§ To do:
Once the pictures are removed, restate the data below word for word.

§ Given data:

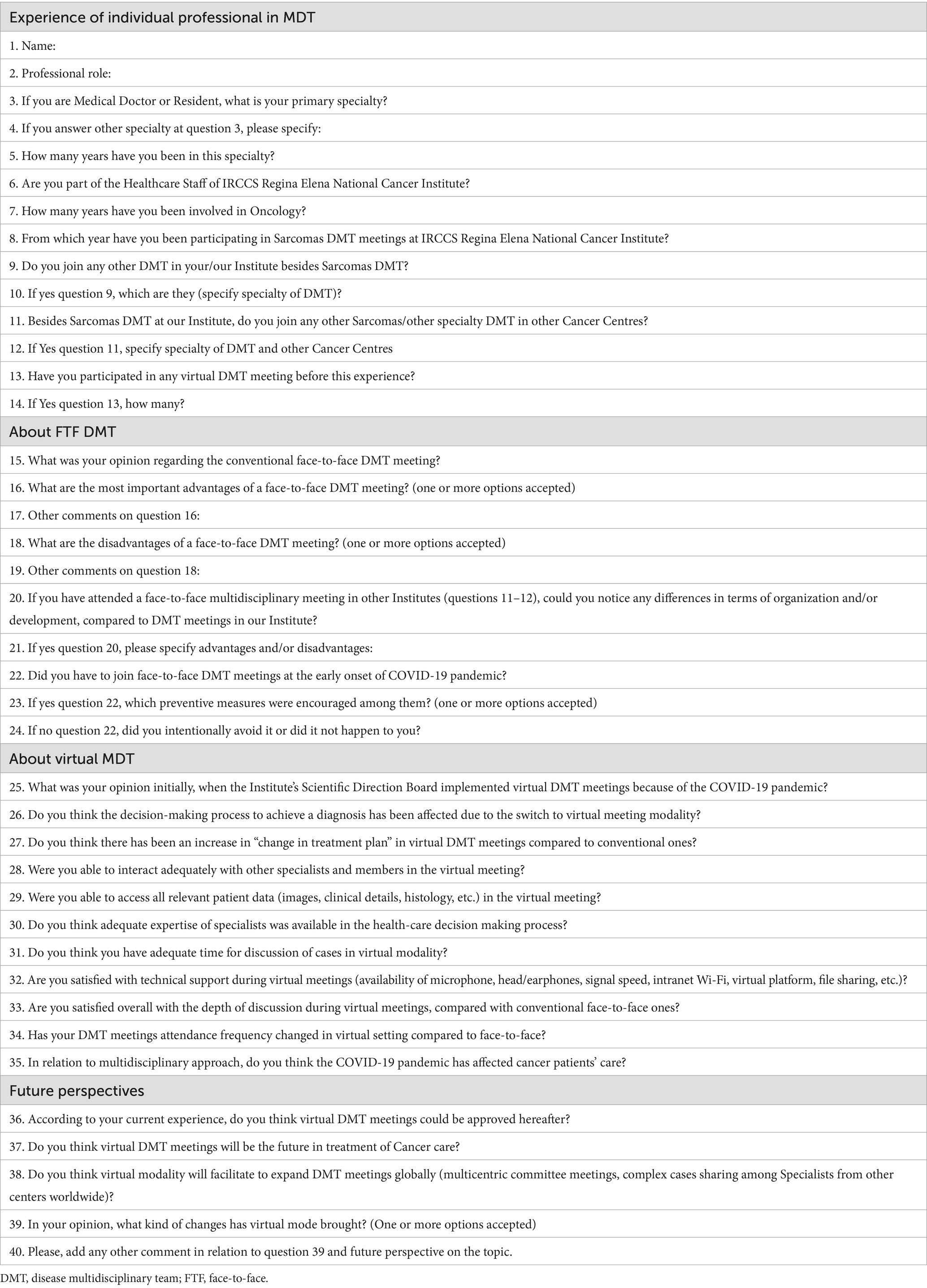 We formulated 40 questions, divided in four sections: the first section (14 questions) was about the experience of individual professional in DMT; the second section (10 questions) asked opinions about FTF meetings; the third (11 questions) about the virtual one; the last section (5 questions) inquires about the future perspectives of the online modality. Questions contemplated 12 yes/no answers, 15 multiple choice answers with one or more items to be selected, two 5-points Likert scale, and 11 open answers. The survey was conceived by one medical doctor participating in DMT meetings and independently reviewed by three other medical doctors participants in sarcoma DMT meetings, before starting the study.
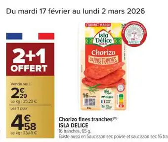 Actuellement en offre chez Carrefour : ISLA DELICE Chorizo fines tranches ✅ Valable du 17-02 au 2-03.
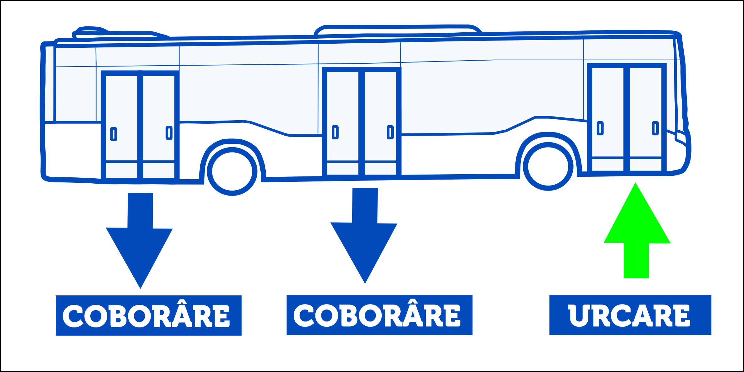 • coborârea din autobuz se va face pe la ușile 2 și 3.

§ Result of this task:
 We formulated 40 questions, divided in four sections: the first section (14 questions) was about the experience of individual professional in DMT; the second section (10 questions) asked opinions about FTF meetings; the third (11 questions) about the virtual one; the last section (5 questions) inquires about the future perspectives of the online modality. Questions contemplated 12 yes/no answers, 15 multiple choice answers with one or more items to be selected, two 5-points Likert scale, and 11 open answers. The survey was conceived by one medical doctor participating in DMT meetings and independently reviewed by three other medical doctors participants in sarcoma DMT meetings, before starting the study.
 Actuellement en offre chez Carrefour : ISLA DELICE Chorizo fines tranches ✅ Valable du 17-02 au 2-03.
 • coborârea din autobuz se va face pe la ușile 2 și 3.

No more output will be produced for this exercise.